Problem requirements:
Starting at the line that contains "Site, Surrounding Zoning" and stopping after the line that contains "View from the", transcribe the listing below exactly; do not include any pictures.

Data for review:
= = =

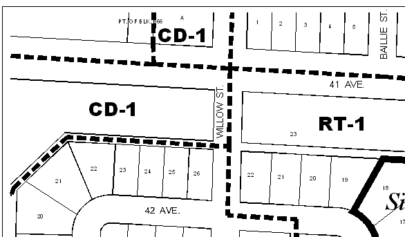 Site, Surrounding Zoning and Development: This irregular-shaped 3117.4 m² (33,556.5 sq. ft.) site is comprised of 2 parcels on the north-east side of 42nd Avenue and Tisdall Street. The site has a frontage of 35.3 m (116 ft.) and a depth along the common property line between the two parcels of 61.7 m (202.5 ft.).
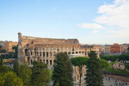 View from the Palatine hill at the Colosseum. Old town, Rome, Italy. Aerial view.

= = =

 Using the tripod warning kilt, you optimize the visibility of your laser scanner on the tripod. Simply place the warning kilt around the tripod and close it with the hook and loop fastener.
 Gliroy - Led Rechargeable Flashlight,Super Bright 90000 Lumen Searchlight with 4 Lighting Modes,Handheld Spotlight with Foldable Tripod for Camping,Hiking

= = =

Response below:
 Site, Surrounding Zoning and Development: This irregular-shaped 3117.4 m² (33,556.5 sq. ft.) site is comprised of 2 parcels on the north-east side of 42nd Avenue and Tisdall Street. The site has a frontage of 35.3 m (116 ft.) and a depth along the common property line between the two parcels of 61.7 m (202.5 ft.).
 View from the Palatine hill at the Colosseum. Old town, Rome, Italy. Aerial view.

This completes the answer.